The governor was referring to the “pa-ihi” or fuel pilferage scam allegedly committed by some corrupt PEO employees.

Defensor has tasked Provincial Administrator Raul Banas to leave no stone unturned in the investigation.

“We are now doing the investigation,” Dr. Banas told me.

Executive Assistant Ruel Von Superio confirmed that “there is an ongoing investigation.”

Broadcaster Ibrahim Calanao, meanwhile, has owned up to the “pa-ihi” expose.

“Ako sina una nag expose, Lex. Ulihi na lang ina ang write-up mo. Dugay ko na ina gina hambal sa radyo. Ang iban nga truck didto gapa amolya sa patyo sang Janiuay ho. Didto nila ginapasuyupan gasoline ang tangke. (I was the one who first made that expose. Your write-up came later. I have been announcing this anomaly in my radio program. Some of the trucks were brought to a cemetery in Janiuay where the fuel pilferage was done),” Calanao said.

Lucero, by the way, told me his wife, who is a doctor, owns the “expensive” vehicle referred to by a source in my previous column.


My visit in the governor’s office on Friday morning actually coincided only while Defensor was waiting for Lucero to arrive.

They had an important meeting regarding the “pa-ihi” imbroglio.

Defensor showed strong eagerness to rid the PEO with corrupt elements.

I went there together with former North Cotabato Gov. Manny Pinol, who asked me to accompany him and his brother, Mlang, Cotabato Mayor Joselito, in his second visit to Defensor in one week.

Pinol, who was there two days earlier, was head of Davao City Mayor Rodrigo Duterte’s advance party in the courtesy call to Defensor.

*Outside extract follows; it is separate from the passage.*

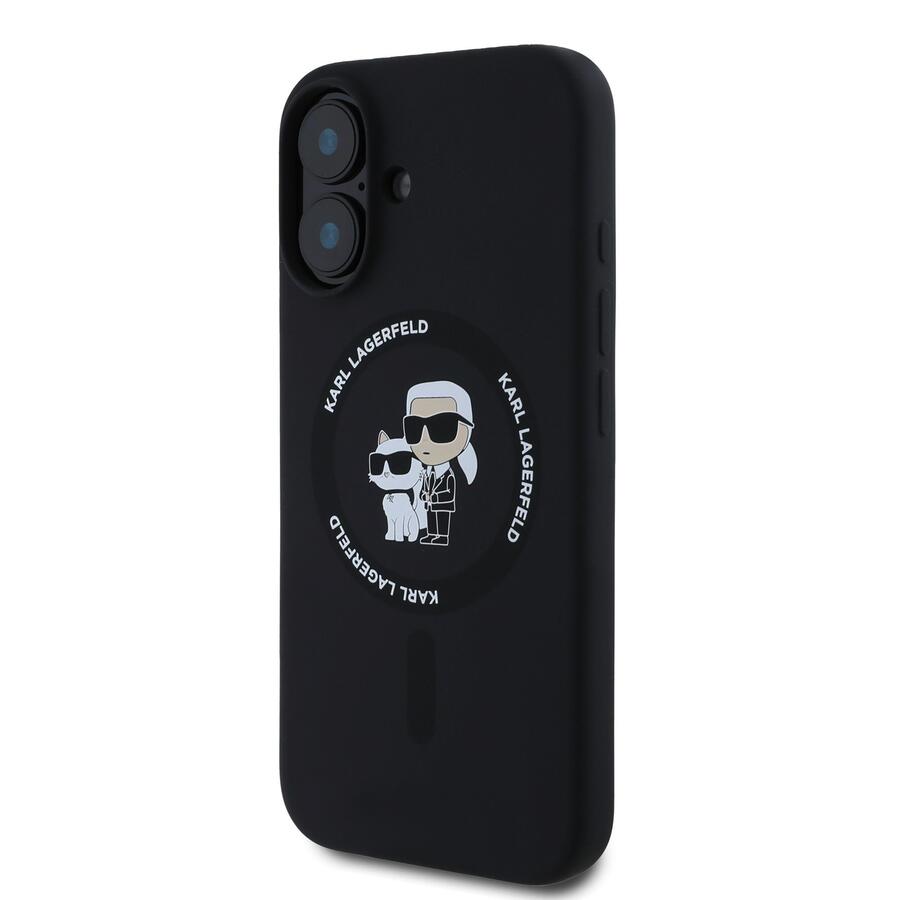 Karl Lagerfeld Liquid Silicone Karl and Choupette MagSafe Case Aizsargapvalks priekš iPhone 16 Plus / melns

I was not part of Duterte’s activities in Iloilo.

I came only because of Pinol, my long-time colleague in sports writing (we first met in 1991 during the House committee on youth and sports hearing on alleged sports anomalies when Pinol was still writing for Tempo, sister publication of Manila Bulletin).

Pinol, who dabbles as boxing manager, and I last met in Las Vegas three years ago when Manny Pacquiao lost by KO5 against Juan Manuel Marquez.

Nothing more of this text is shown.